Fig. 15 is a vertical cross-sectional view showing a state in which the intermediate portion and the land portion constituting the workpiece positioning device shown in Fig. 12 are slid with respect to the base portion.

Figure 16 is a perspective view of a workpiece positioning device according to a fourth embodiment of the present invention.

Figure 17 is a longitudinal sectional view of the workpiece positioning device shown in Figure 16.

Figure 18 is a partially cutaway perspective view showing the workpiece positioning device of Figure 16;

Fig. 19 is a detailed exploded perspective view showing the base portion of the workpiece positioning device of Fig. 16.

Fig. 20 is a perspective view showing the workpiece positioning device when the first intermediate portion, the second intermediate portion, the third intermediate portion, and the land portion constituting the workpiece positioning device shown in Fig. 17 are slid with respect to the base portion.

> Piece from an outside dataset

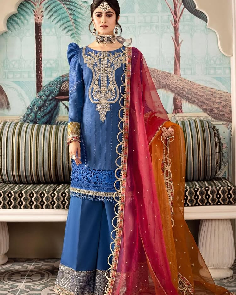 Blue Color Party Wear Unstitched Rayon Cotton Lawn
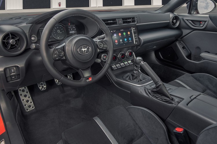 ![]() 全新世代GR86外觀上透過位置較高的引擎蓋前緣線條凸顯車子的低重心與前保桿的寬闊度,車尾輪拱也給人厚實的肌肉感。車頭GR專用的「Functional Matrix」水箱罩造型熱血也有更好進氣效率。車內操控介面將按鍵旋鈕集中於中控台與方向盤上並對配置做了優化,讓駕駛者可以直覺操作,將注意力集中於開車上。儀錶為七吋TFT液晶螢幕在開車前還會顯示彷如水平對臥引擎活塞運動的歡迎動畫來迎接車主。

Fig. 21 is a vertical cross-sectional view showing a state in which the first intermediate portion, the second intermediate portion, the third intermediate portion, and the land portion constituting the workpiece positioning device shown in Fig. 17 are slid with respect to the base portion.

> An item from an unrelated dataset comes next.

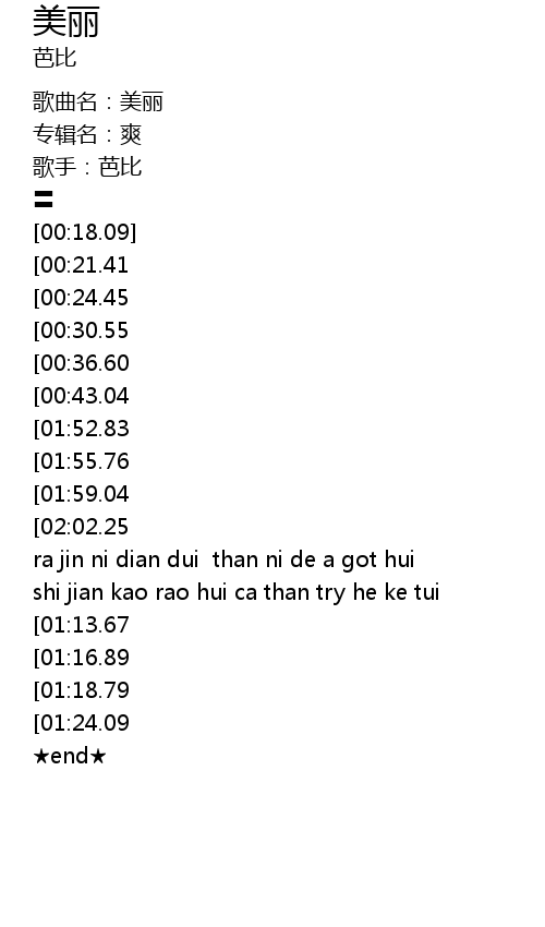 | [00:10.40] | 歌手:芭比 |

Figure 22 is a longitudinal sectional view of a workpiece positioning device according to a fifth embodiment of the present invention.

Fig. 23 is a vertical cross-sectional view showing a state in which the first intermediate portion, the second intermediate portion, the third intermediate portion, and the land portion constituting the workpiece positioning device shown in Fig. 22 are slid with respect to the base portion.

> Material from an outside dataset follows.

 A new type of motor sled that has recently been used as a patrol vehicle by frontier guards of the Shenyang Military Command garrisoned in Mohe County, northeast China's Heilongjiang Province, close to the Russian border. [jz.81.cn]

Figure 24 is a longitudinal sectional view of a workpiece positioning device according to a sixth embodiment of the present invention.

Fig. 25 is a vertical cross-sectional view showing a state in which the intermediate portion and the land portion constituting the workpiece positioning device shown in Fig. 24 are slid with respect to the base portion.

Hereinafter, preferred embodiments of the workpiece positioning device of the present invention will be described with reference to the accompanying drawings.

(First embodiment)

A workpiece positioning device 10A according to a first embodiment of the present invention will be described with reference to Figs. 1 to 5 . The workpiece positioning device 10A of the present embodiment is placed in a clean environment in a clean room such as a process such as a liquid crystal display, and the workpiece conveyed by a conveying device such as a roller conveyor is positioned at a predetermined position and fixed. Therefore, the workpiece positioning device 10A is attached to the lifting device, and the lifting device is disposed between the adjacent rollers constituting the roller conveyor.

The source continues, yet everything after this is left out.